Georgia: A Magical Realm
If you don’t know what I’m referring to, then ready yourself, because I’m about to share with you further proof that Georgia is a magical realm. First off, you need to know that the fourth floor of our state Capitol has, for well over a century now, functioned as a museum of Georgia history. Its exhibits have varied in tone and style over the years, ranging from the low-key but interesting to the campy and sensational. At present, it features a quaint but fascinating display of artifacts, memorabilia, and two of the coolest dioramas I’ve ever seen. But back in 1965, in the midst of the heat and chaos of the Civil Rights Movement, the museum was gifted a most rare specimen up from Heard County, one that would confound, amaze, and delight many a man, woman and child for years to come. From the neck down, it was a tiny midland water snake like any other, but from the neck up, well, that was a different story…

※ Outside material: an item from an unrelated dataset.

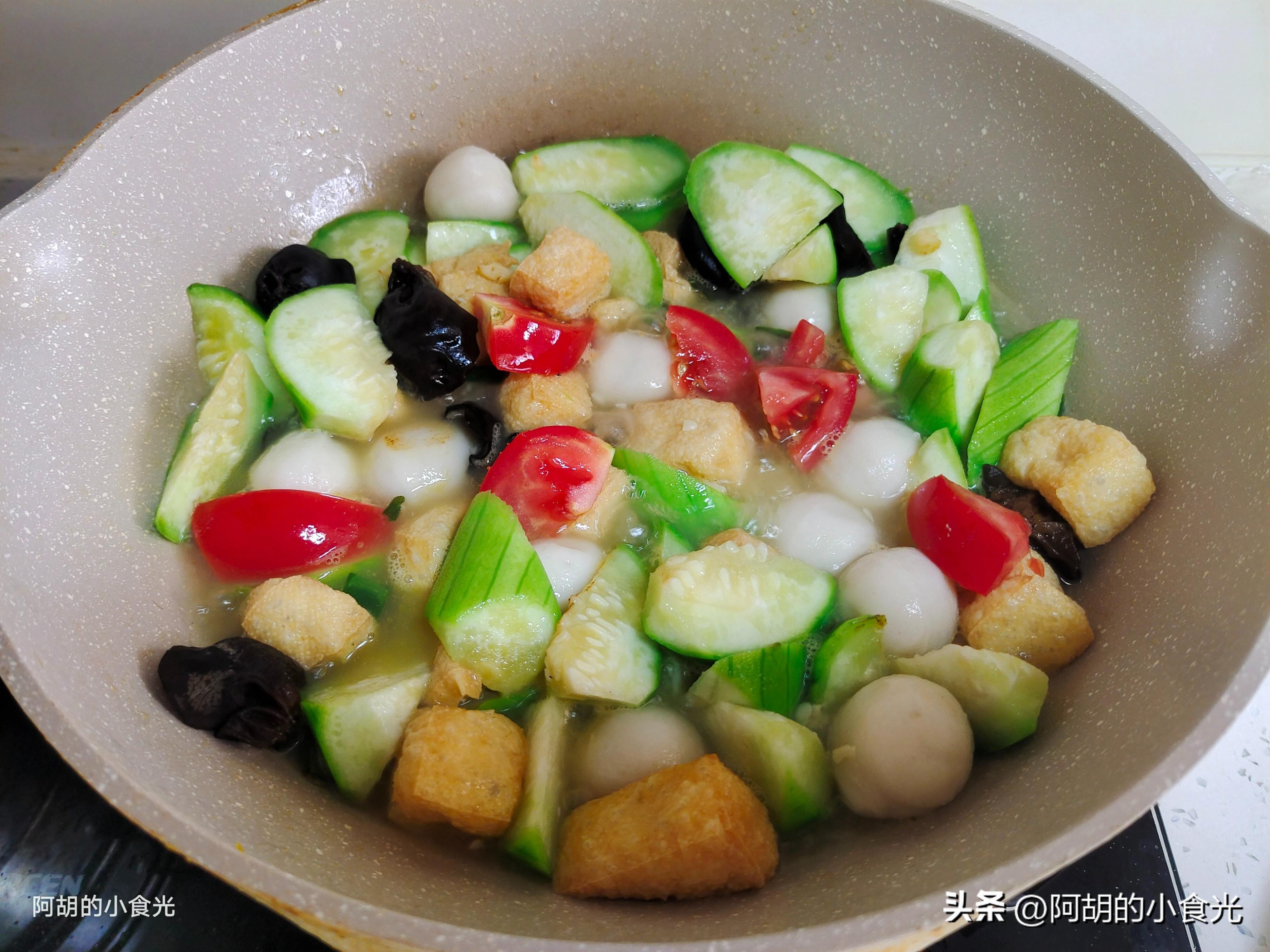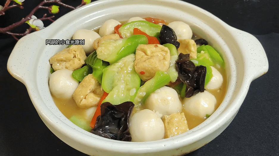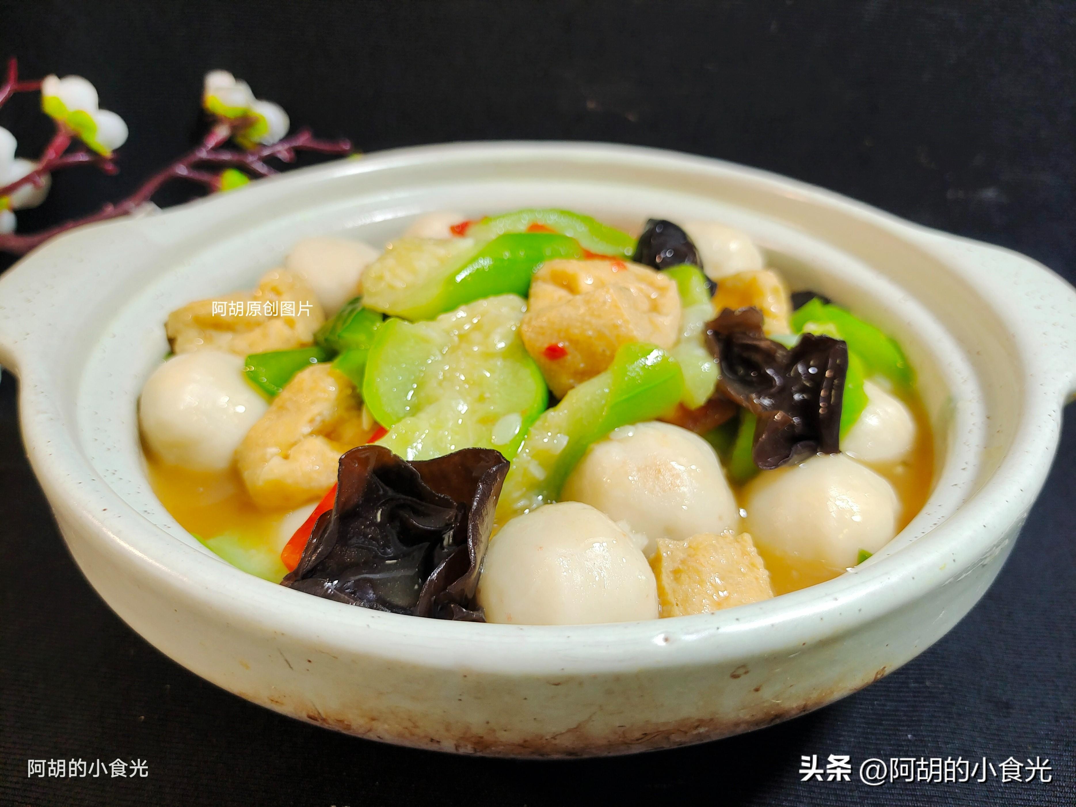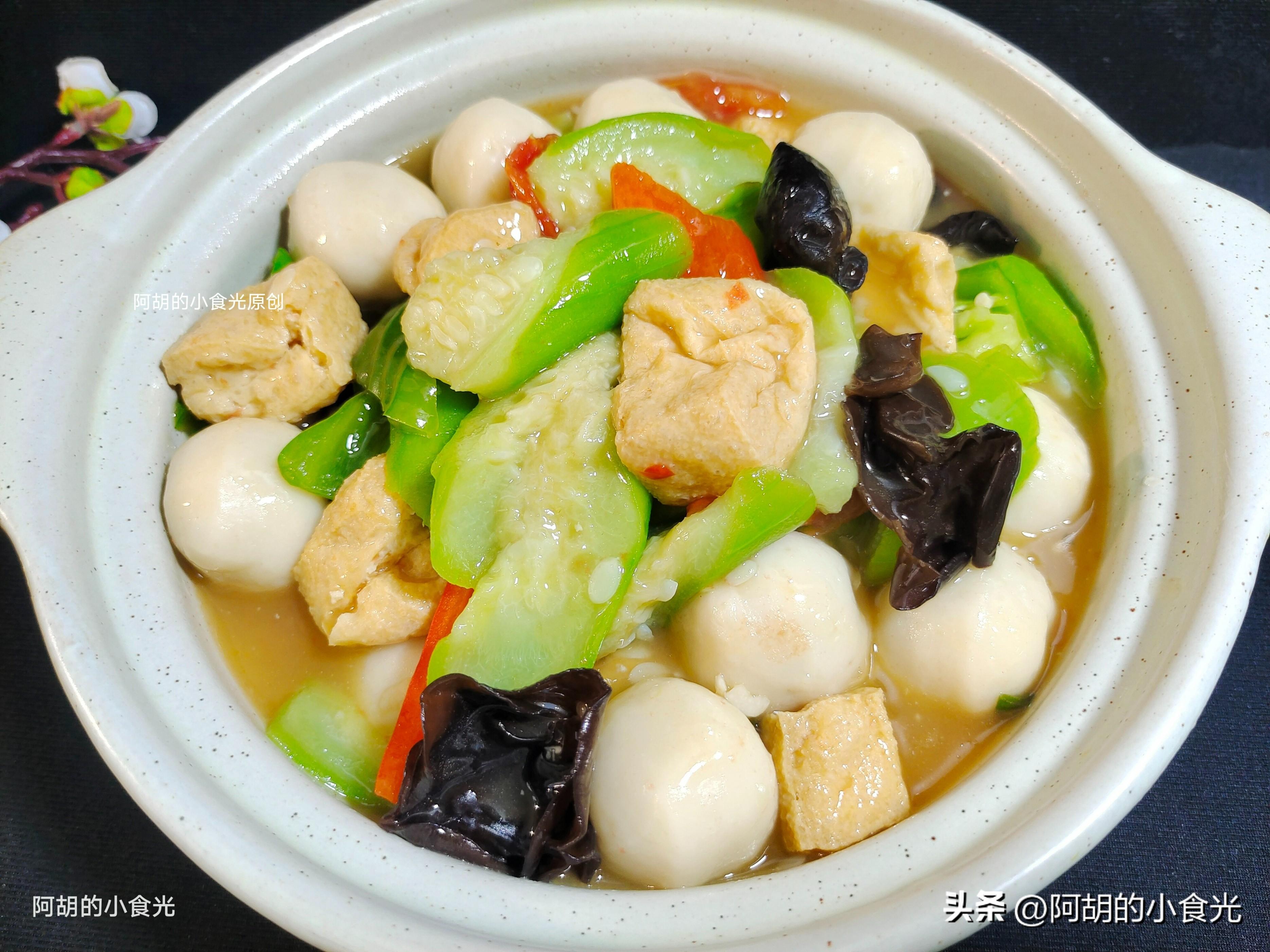 今天這道燉菜我管它叫做“雜燴燉菜”,食材比較多,有絲瓜、魚丸、木耳、油豆腐、西紅柿、青紅椒等,有蔬菜、有豆製品還有肉,味道鮮美不油膩,爽口開胃又舒服,天熱經常來一鍋恰到好處,別錯過。

From the neck up, it was the proverbial road that diverged in the wood. North of the collarbones, it was two things at once. The body was lonesome, but the heads were double-dutch, and they were as forked as the tiny tongues that flicked inside them. It was a bifurcation-situation, a split decision. It moved, it grooved, and it crawled on its belly, but one snout pointed north and the other south. What I mean to say is that it must’ve been two-for-one day when the Powers That Be made this particular serpent, because even though it was blessed with one slender, solitary tail, it was equally cursed with two noses, two mouths, four eyes, and one hell of a hard row to hoe. It’s a sad fact that most two-headed reptiles, rare as they are, tend to have short lives, since each head generally has its own self-preserving agenda, pitting it against the other. I’m therefore assuming that, by the time it showed up at the state capitol in a Mason jar, shoebox, or what have you, our rarified li’l mascot of Georgian anomaly was already dead from exhaustion, starvation, or general principle. And yet, despite its lack of vitality, it was somehow accepted and placed on display.

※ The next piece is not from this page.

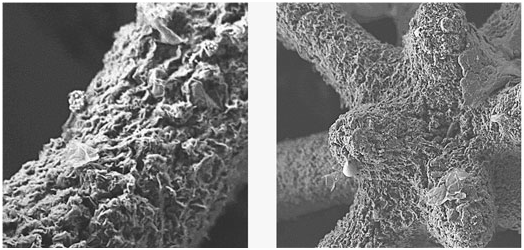 左:以1微米的分辨率放大石墨烯八位体桁架的扫描电子显微镜照片。右:以10微米的分辨率放大石墨烯八位体桁架的扫描电子显微镜照片。(图片来源:弗吉尼亚理工大学)

Now, kids love amphibians, reptiles and dinosaurs. We all know this, of course. But the two-headed snake at the capitol seems to pack a hundred times more mojo than any old CGI passel of raptors. The Jurassic Park franchise might’ve made a killing, but the kind of attention lavished on that two-headed serpent by at least one generation of Georgian kids is best described as adulation…and adulation doesn’t come easy. Surely we sense the same kind of adulation, and maybe even veneration, in the government officials who chose – and choose – to display the snake proudly, on the topmost publicly accessible floor of the main nerve of our state’s government. Yup, a two-headed snake resides at the pinnacle and symbolic center of Georgia government! Take a moment or two and think about the implications of that.
If ever there was a tableau begging for postmodern deconstruction, the two-headed snake under our Capitol dome is one of them. We could even dig into the Egyptian Book Of The Dead and dust off the image of Nehebkau, the cosmic two-headed snake god who guards the entrance to the underworld and helps disembodied souls navigate the mysterious landscapes of the underworld. Personally, I favor a more down-home interpretation, one that holds up the two-headed snake as a kind of symbolic power totem representing all that is bizarre and naturally occurring in the world. In my mind, that’s the real reason that Georgian children have been drawn to this creature like dirt daubers to a doorjamb. To a school kid constantly inundated with rules about the world and exactly how to act, that two-headed snake in the state capitol represents the possibility of glorious abnormality and sheer paradox – the kind that even adults can’t deny. It’s an exception to the very rules of nature, and therefore, well, kind of a badass. For all I know, that snake was a subversive, dissident “Stackolee” character that, on his creation day, might’ve said to the Powers That Be, “Dig it, I know I’m only s’posed to be gettin’ one head and all, and thank you kindly, but, uh, think I’ll go ahead and help myself to an extra serving. Peace out.”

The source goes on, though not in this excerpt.